下边界 Lower Bound(>:) 上边界 Upper Bound(<:)
下边界指定泛型类型必须为某个类的父类或该类本身;
上边界指定泛型类型必须为某个类的子类或该类本身。
使用上边界时,实际调用时并非调用子类,而是调用抽象类或接口。

//T <: AnyVal表示泛型T的类型的最顶层类是AnyVal,所有输入是AnyVal的子类都是合法的,其它的都是非法的
case class Student[S,T <: AnyVal](var name:S,var hight:T)
scala> class Pair[T](val first: T, val second: T){  //错误,T类型并不一定有compareTo方法
     | def smaller = if (first.compareTo(second)<0) first else second
     | }
<console>:8: error: value compareTo is not a member of type parameter T
       def smaller = if (first.compareTo(second)<0) first else second

scala> class Pair[T <: Comparable[T]](val first: T, val second: T){  //指定上界
     | def smaller = if (first.compareTo(second)<0) first else second
     | }
defined class Pair

scala> val p = new Pair("hadoop", "Spark")
p: Pair[String] = Pair@6de30571

scala> p.smaller
res2: String = Spark

scala> val h = new Pair(1, 2)  //错误,不满足上界条件,用视图界定解决这个问题
<console>:8: error: inferred type arguments [Int] do not conform to class Pair's type parameter bounds [T <: Comparable[T]]
       val h = new Pair(1, 2)
               ^
<console>:8: error: type mismatch;
 found   : Int(1)
 required: T
       val h = new Pair(1, 2)
                        ^
<console>:8: error: type mismatch;
 found   : Int(2)
 required: T
       val h = new Pair(1, 2)

ViewBound 视图界定 <%
在进行类型变量界定后,若我们指定的具体类型无实现类中方法的接口,此时编译不通过。采用ViewBound,可跨越类层次结构,对指定类型进行隐式转换,隐式转换后的类型如果处于视图边界内,即可实现类中方法,则可将该类型传入使用。

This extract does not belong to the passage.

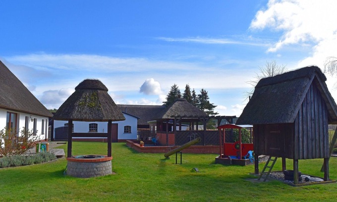 Holiday under a thatched roof! Spend your holiday in Mecklenburg-Western Pomerania close to the Salzhaff lagoon and the inviting beaches of the Baltic Sea! This inviting and spacious holiday apartment offers plenty of space and comfort for up to 6 people and a small child. Your holiday home is located amidst greenery in the Bantow district, which is part of Alt Bukow, on a large and very well-maintained property. Your holiday home boasts 2 bathrooms, 2 bedrooms, and a very spacious kitchen-diner. The fitted kitchen is well-equipped with everything you need to prepare a great meal. A real highlight is the garden, which is partially available to guests. Directly in front of the entrance is a covered seating area with barbecue facilities, a small playground for children, and pets are also welcome. After an eventful day, treat yourself to a delicious grilled steak or enjoy the peace and quiet with a sundowner. Your very accommodating landlords offer you the opportunity to spend an evening by the smokehouse (for a fee). If you bring your own bicycles, you can safely store them in a shed. Highlights included: All consumption-based energy costs, Wi-Fi, 2 free parking spaces Overcrowding with a toddler up to 2 years old is possible Many great day trips can be explored in the surrounding area. Rerik, with its beautiful beaches, is just a short drive away and can also be reached by bike, as are the Salzhaff, Boiensdorfer Werder, and Kühlungsborn. Visit the Hanseatic city of Wismar with its beautiful harbor and brick Gothic architecture. Warnemünde and the Hanseatic city of Rostock are also not far away. From here, you can start a day trip to Denmark with the Scandlines shipping company. Just a short drive away in Neubukow, you will find a wide selection of shops, grocery stores, gas stations, and much more.

scala> class Pair[T <% Comparable[T]](val first: T, val second: T){  //视图界定
     | def smaller = if (first.compareTo(second)<0) first else second
     | }
defined class Pair

scala> val h = new Pair(1, 2)  //Int隐式转换成为RichInt
h: Pair[Int] = Pair@50d951e7

scala> h.smaller
res3: Int = 1
//Context Bound上下文界定T:M(M是另一个泛型类),要求存在一个M[T]的隐式值
scala> class Compare[T:Ordering](val n1:T, val n2:T){
        //隐式值ordered,类型为Ordering[T]
     |  def bigger(implicit ordered: Ordering[T]) = if(ordered.compare(n1,n2)>0) n1 else n2}
defined class Compare

scala> new Compare[Int](8, 3).bigger
res3: Int = 8

scala> new Compare[String]("Spark", "Hadoop").bigger
res4: String = Spark

多重界定:
类型变量同时有上界和下界T >:Lower <: Upper
有多个视图界定T <% Comparable[T] <%String

trait List[+T] {} 协变
trait List[-T] {} 逆变
当类型S是类型A的子类型时,则List[S]也可以认为是List[A}的子类型,称为协变。
Java中无协变逆变,协变逆变会破环类型安全。
定义协变时,类和类中方法都要定义为协变。
当类型S是类型A的子类型,则Queue[A]反过来可以认为是Queue[S}的子类型,称为逆变。
例如:
Pair[T]
若Student是Person的子类,此时Pair[Student]和Pair[Person]无关系。
Pair[+T] 协变
若Student是Person的子类,此时Pair[Student]是Pair[Person]的子类。
Pair[-T] 协变
若Student是Person的子类,此时Pair[Student]是Pair[Person]的父类。

;